Another reason to boycott Walmart
The nation's largest retailer isn't just backtracking on diversity. It's also backtracking on cleaning up its messes.

Another nationwide boycott of Walmart wrapped up last week, marking the second organized protest of the retail giant’s decision to backtrack on its diversity, equity and inclusion commitments.
But diversity isn’t the only principle the country’s largest retailer has shied away from since Donald Trump was elected president. Over the last six months, Walmart has also walked back multiple promises to reduce its massive impact on plastic waste and climate change—two crises that disproportionately harm Black and Brown communities.
Backtracking on plastic
The latest example, so far only reported on by trade publications, is that Walmart has quietly left the U.S. Plastics Pact, one of the world’s largest frameworks for addressing the unbelievable scourge of plastic pollution. The company’s exit was first reported by Packaging Dive.
Walmart is one of the world’s largest plastic polluters. Last year, a global study published last year in the journal Science Advances found that just 56 companies, including Walmart, were responsible for half of the world’s branded plastic pollution. The study collected and analyzed more than 1,870,000 pieces of plastic waste over five years across 84 countries.
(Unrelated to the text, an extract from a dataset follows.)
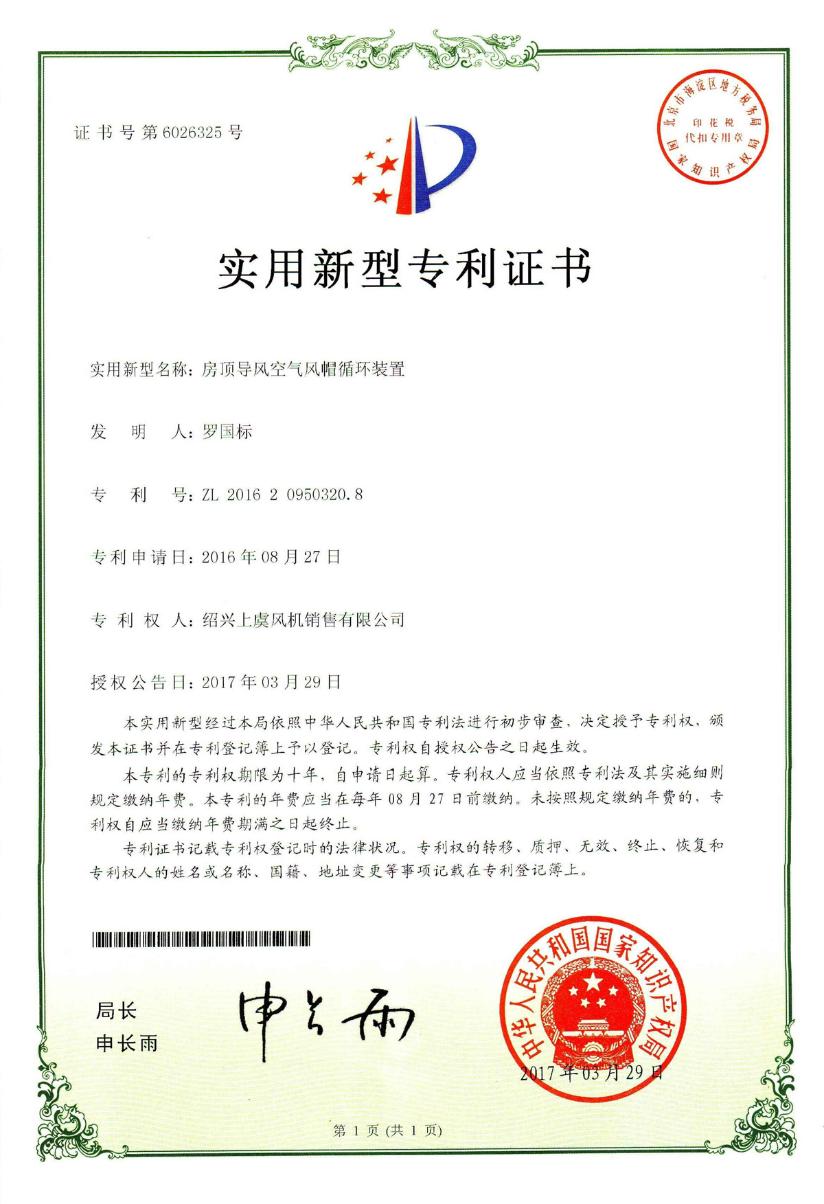 房頂導風空氣風帽循環裝置專利證書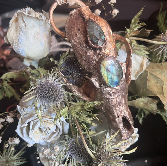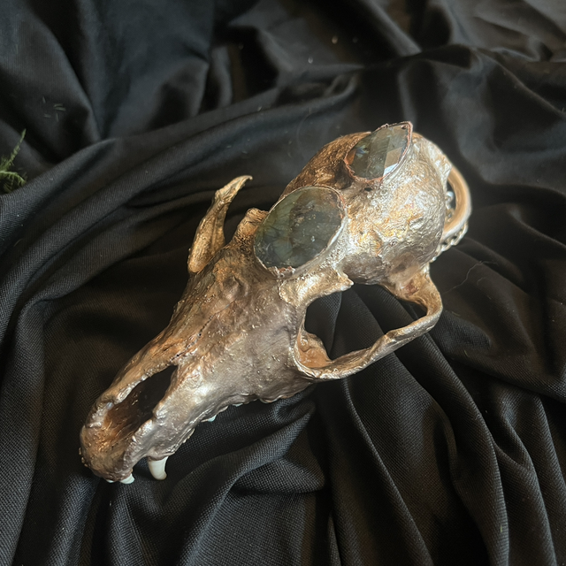 Two labradorites are embedded into the skull: one a luminous teardrop crowning its brow, the other nested beneath, echoing the pull of deep waters and memory. The entire inner structure is reinforced with clear jewelry resin, sealing the piece and offering protection—both physical and symbolic.

Walmart had originally joined the U.S. Plastics Pact “to ensure that plastics never become waste by eliminating the plastics we don’t need, innovating to ensure that the plastics we do need are reusable, recyclable, or compostable, and circulating all the plastic items we use to keep them in the economy and out of the environment,” according to the company’s own words. Walmart did not respond to reporters’ requests to explain the exit.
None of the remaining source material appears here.